Listening is a crucial aspect of our society, and possibly the part which still is a work in progress as we hardly push ourselves to listen. This is why the report Securing our Future 100 African and European Voices on Climate Change, Conflict and Security, produced by the European Investment Bank and Debating Europe and Debating Africa, has caught our attention. We will investigate this report over a three-series blog, bringing the perspective of 100 young people. Needless to say that the voice of 100 youths aged 18-35 hailing from all across Europe and Africa is important for various reasons. However, this will become more evident as we explore the report’s takeaways.


In this first blog, we will discuss what has been deemed by the youth as the biggest threat. It should be no surprise that it has been clearly defined as Climate Change. The latter has brought other challenges, such as food insecurity or extreme weather events, thus bringing to light the fact that the youths are very conscious of the wide-ranging effects of climate change.


A very interesting view was the inaction over climate change that has been highlighted. A critical perspective expressed by participants across the European countries was that climate change was being looked at as a long-term concern raising sometime in the future. Even though the effects are already evident nowadays. However, this view was also shared amongst Africans reflecting on the African continent. The same opinion was echoed, as African countries still undervalued climate change.

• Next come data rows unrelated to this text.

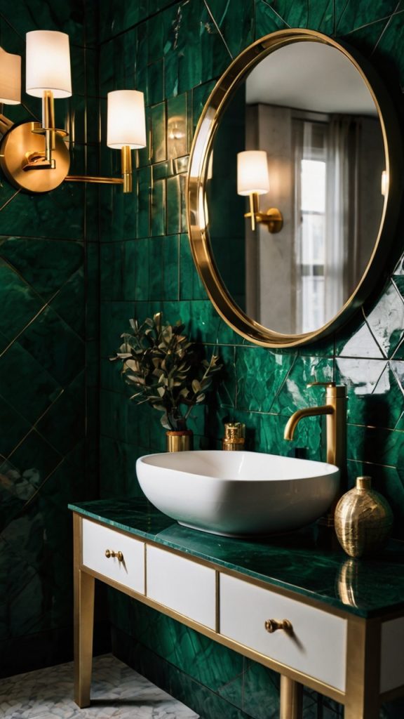 The warmth of brass prevents the emerald from feeling cold or clinical. Think brass faucets, mirror frames, and even light switches. The key lies in consistency – mixing brass with chrome or nickel breaks the spell.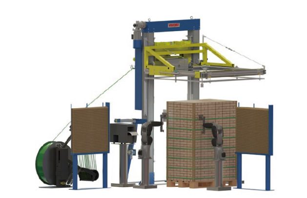 独立設置した結束システムで、プラスティックコンテナケースを結束する構成例を御覧ください。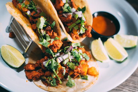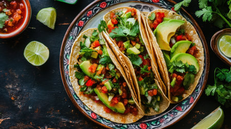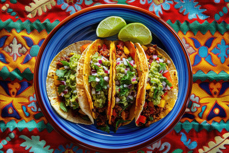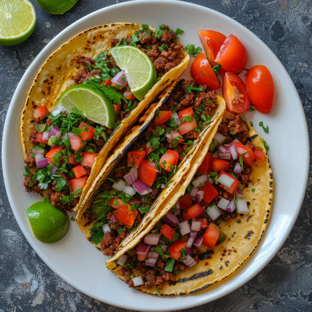 Enjoy a vibrant plate of tacos filled with fresh ingredients, herbs, and lime slices, perfect for any meal or culinary celebration, showcasing delicious traditional flavors.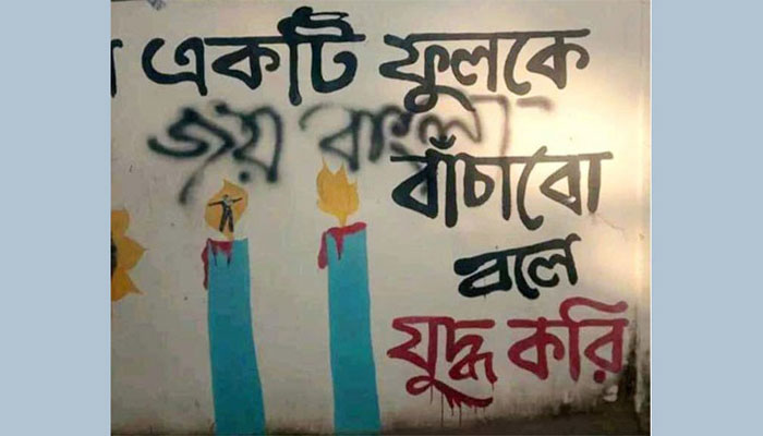 নালিতাবাড়িতে জুলাই বিপ্লবের গ্রাফিতির উপর লেখা ‘জয় বাংলা’ ‘জয় বঙ্গবন্ধু’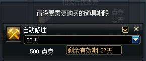 2、免费修理(购买方式 商城-道具-优惠-魔王之契约):搬砖对于装备的损耗是很大的,而且高级装备的维修费用是相当高的,所以花费500点券(代币券)一个月的免费修理必须有。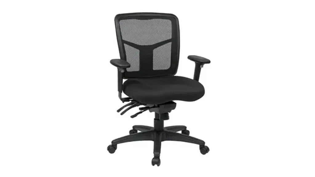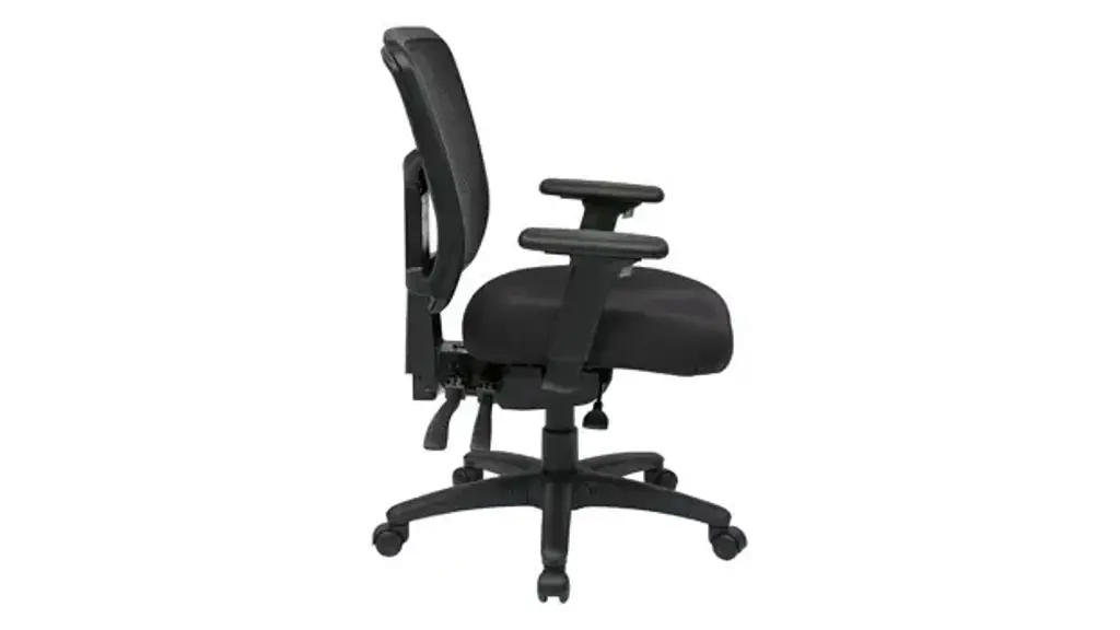 Introducing the Mid-Back ComfortMesh Collection office chair in Quick Ship Black with dual function control - the perfect combination of comfort, customization, and quality. In stock and ready for shipment. Designed for maximum comfort and support. With built-in lumbar support, one-touch pneumatic seat height adjustment, ratchet back height adjustment, and a dual function control with seat slider. Our height, width, and depth adjustable PU padded arms provide additional support and comfort, while the heavy-duty nylon base with dual-wheel carpet casters ensures stability and easy mobility. And with GREENGUARD certification, you can trust that our chair meets strict environmental and indoor air quality standards. Upgrade your workspace with the Mid-Back ComfortMesh Collection dual function control office chair in quick ship black fabric and experience the ultimate in comfort, customization, and quality.

Comparison to Covid-19 was inevitable. The pandemic brought together the entire European continent, springing the governments and people in power into action. The usual competing governments’ endless arguments and disagreements were suddenly transformed into a cooperative team. This shows that Europe can have a very different future from the divided one usually portrayed on the news.


As a conclusion for the first of this series of blogs is a question that we beg to ask: Are significant numbers of deaths the only factor which will bring us together, move away from our disagreements and push us into one force to combat the threats resulting from Climate Change?